# Exercise requirements
No line before the one holding "11月20日,游客在保山市永子棋院內的永子博物館拍攝圍棋藝術裝置。" is to be copied; that line and all after it, through the end of the listing, are returned exactly, minus pictures.

# Dataset content
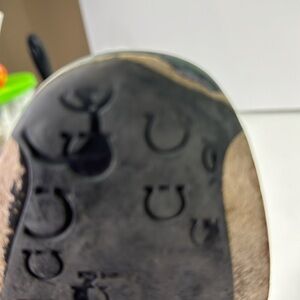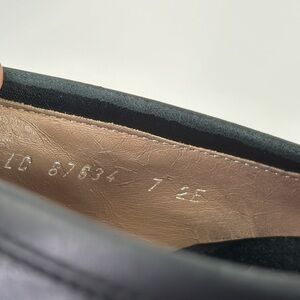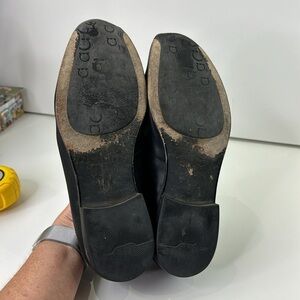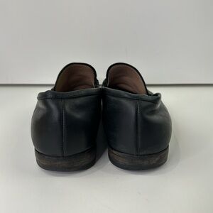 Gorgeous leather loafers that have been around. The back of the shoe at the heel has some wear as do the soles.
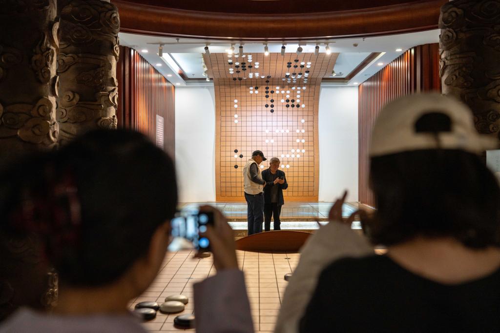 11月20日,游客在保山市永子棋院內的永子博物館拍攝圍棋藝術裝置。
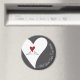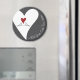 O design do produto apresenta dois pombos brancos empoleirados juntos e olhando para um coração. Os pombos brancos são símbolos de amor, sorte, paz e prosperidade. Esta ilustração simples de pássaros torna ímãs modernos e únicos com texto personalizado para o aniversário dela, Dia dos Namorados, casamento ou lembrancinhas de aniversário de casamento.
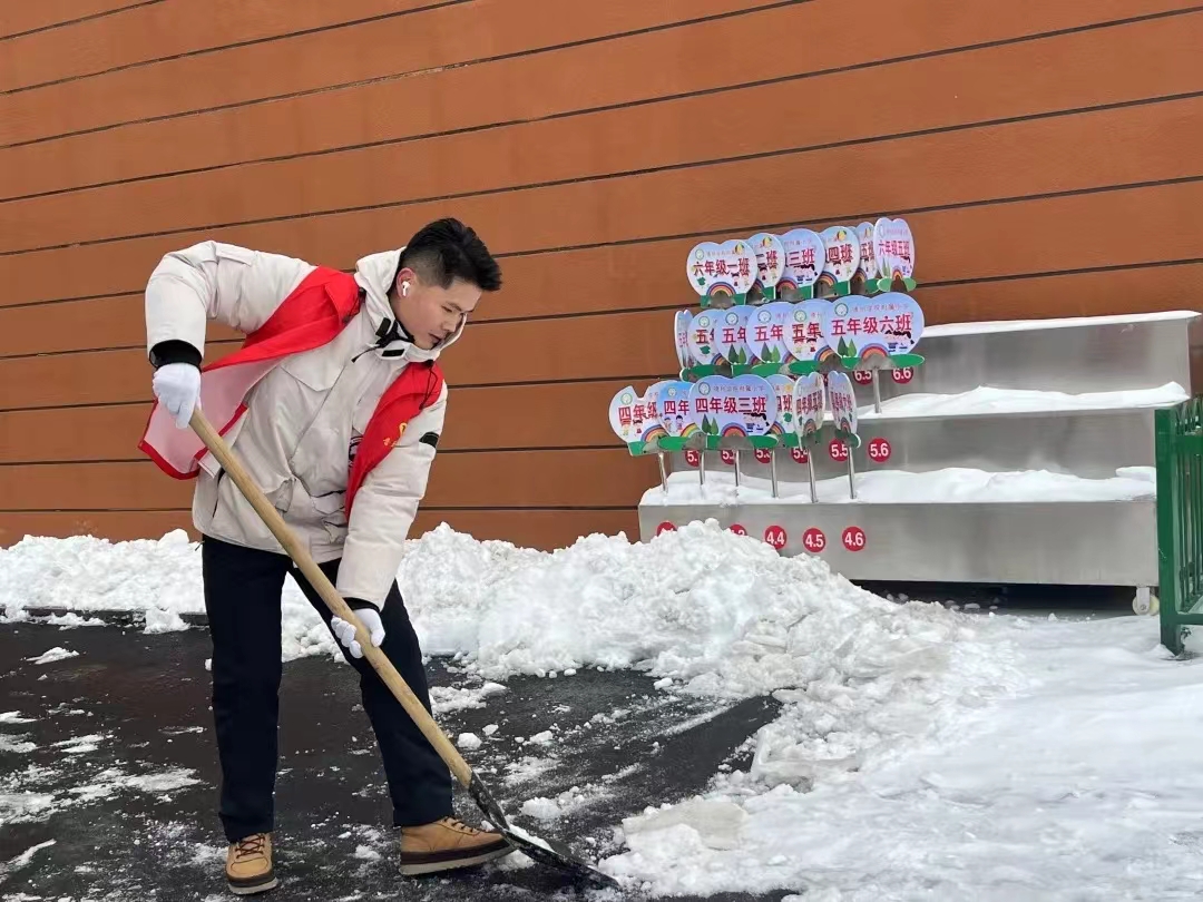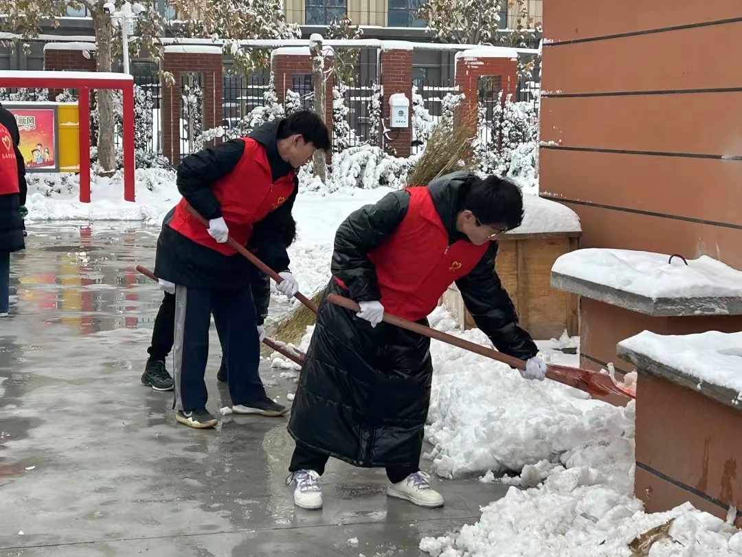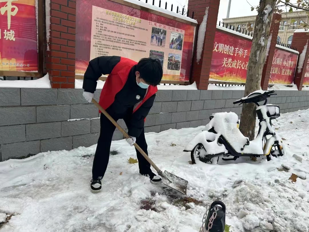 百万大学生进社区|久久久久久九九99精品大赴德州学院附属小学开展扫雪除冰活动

# Output of the exercise
 11月20日,游客在保山市永子棋院內的永子博物館拍攝圍棋藝術裝置。
 O design do produto apresenta dois pombos brancos empoleirados juntos e olhando para um coração. Os pombos brancos são símbolos de amor, sorte, paz e prosperidade. Esta ilustração simples de pássaros torna ímãs modernos e únicos com texto personalizado para o aniversário dela, Dia dos Namorados, casamento ou lembrancinhas de aniversário de casamento.
 百万大学生进社区|久久久久久九九99精品大赴德州学院附属小学开展扫雪除冰活动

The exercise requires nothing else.